<<<<

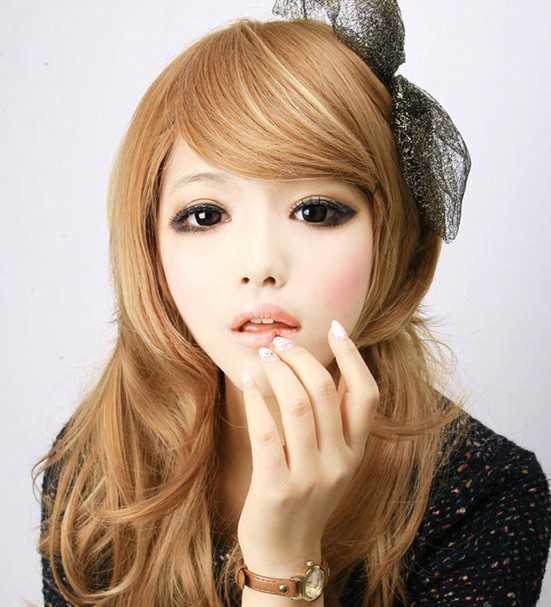 非主流女生最爱的卷发,日本最流行,轻薄俏丽的刘海,装饰在头发上的蕾丝蝴蝶结,甜美、可爱,自然蓬松的卷发散落在肩上,超美,圆脸妹子很适合。
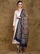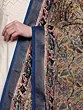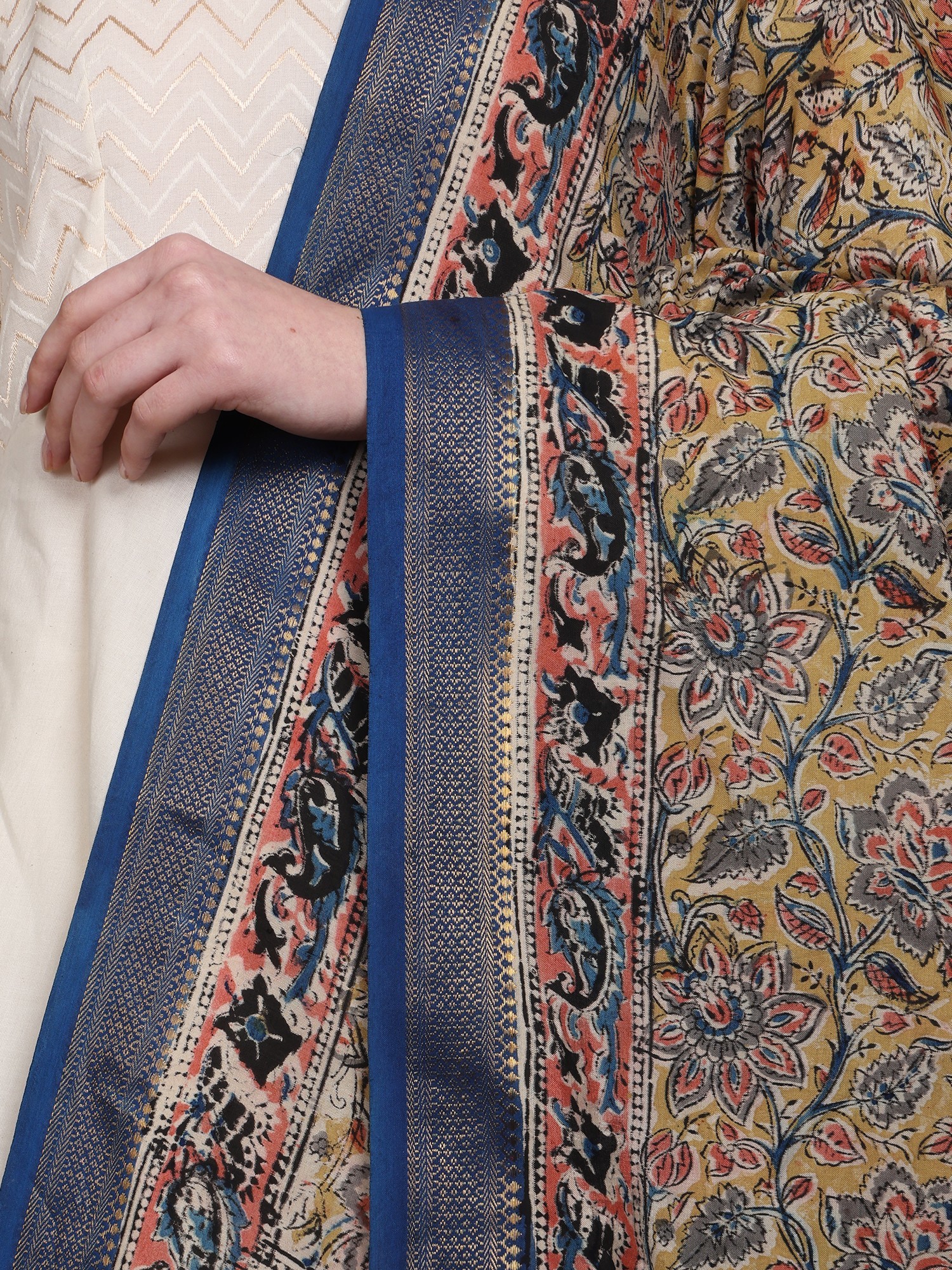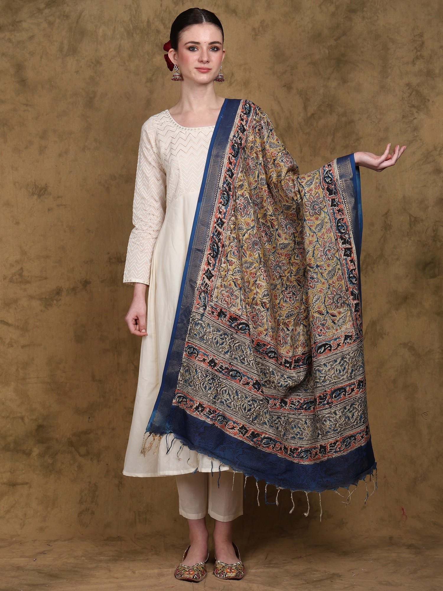 The use of 100% silk elevates this dupatta to a level of unparalleled luxury. The soft, flowing drape of the silk perfectly complements the intricate Kalamkari designs. The rich texture and luxurious feel make it a pleasure to wear. The deep blue zari border adds a further layer of elegance, creating a stunning contrast against the warmer tones of the floral print. This combination of textures and colours makes it the perfect accessory to enhance your style, adding a touch of grace and sophistication to your ensemble. Notice the delicate fringing at the dupatta’s hem, a final touch that underscores the handcrafted nature of this exceptional piece.
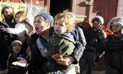12月4日,以色列警察和军队强行搬迁住在希伯伦一处名为“红房子”的建筑内的犹太定居者。当地犹太人于2007年3月占据了这栋楼房,并声称他们通过合法手段将其购置,但原先居住在此的巴勒斯坦房主予以否认。以色列最高法庭11月16日判决,住在这栋房子里的20余户犹太定居者须在72小时内撤离,否则将强行搬迁。
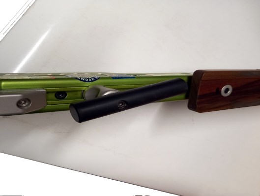 Anbauten am Gewehrschaft, die quergestellt werden können, um das Gewehr darauf zwischen den Schüssen abzulegen und/oder als Haltegriff für die nicht abziehende Hand verwendet werden kön- nen, sind nicht zulässig. Dies gilt für Luftgewehre und Standard- gewehre. Anbauten, die parallel zum Schaft verlaufen sind unter Einhaltung der Vorderschaftmaße zugelassen (Koffergriff bei Auflagewettbewerben.)

>>>>

### Task instructions
Exactly as written, return every line of the listing, but not the pictures.

### Output for this exercise
 非主流女生最爱的卷发,日本最流行,轻薄俏丽的刘海,装饰在头发上的蕾丝蝴蝶结,甜美、可爱,自然蓬松的卷发散落在肩上,超美,圆脸妹子很适合。
 The use of 100% silk elevates this dupatta to a level of unparalleled luxury. The soft, flowing drape of the silk perfectly complements the intricate Kalamkari designs. The rich texture and luxurious feel make it a pleasure to wear. The deep blue zari border adds a further layer of elegance, creating a stunning contrast against the warmer tones of the floral print. This combination of textures and colours makes it the perfect accessory to enhance your style, adding a touch of grace and sophistication to your ensemble. Notice the delicate fringing at the dupatta’s hem, a final touch that underscores the handcrafted nature of this exceptional piece.
12月4日,以色列警察和军队强行搬迁住在希伯伦一处名为“红房子”的建筑内的犹太定居者。当地犹太人于2007年3月占据了这栋楼房,并声称他们通过合法手段将其购置,但原先居住在此的巴勒斯坦房主予以否认。以色列最高法庭11月16日判决,住在这栋房子里的20余户犹太定居者须在72小时内撤离,否则将强行搬迁。
 Anbauten am Gewehrschaft, die quergestellt werden können, um das Gewehr darauf zwischen den Schüssen abzulegen und/oder als Haltegriff für die nicht abziehende Hand verwendet werden kön- nen, sind nicht zulässig. Dies gilt für Luftgewehre und Standard- gewehre. Anbauten, die parallel zum Schaft verlaufen sind unter Einhaltung der Vorderschaftmaße zugelassen (Koffergriff bei Auflagewettbewerben.)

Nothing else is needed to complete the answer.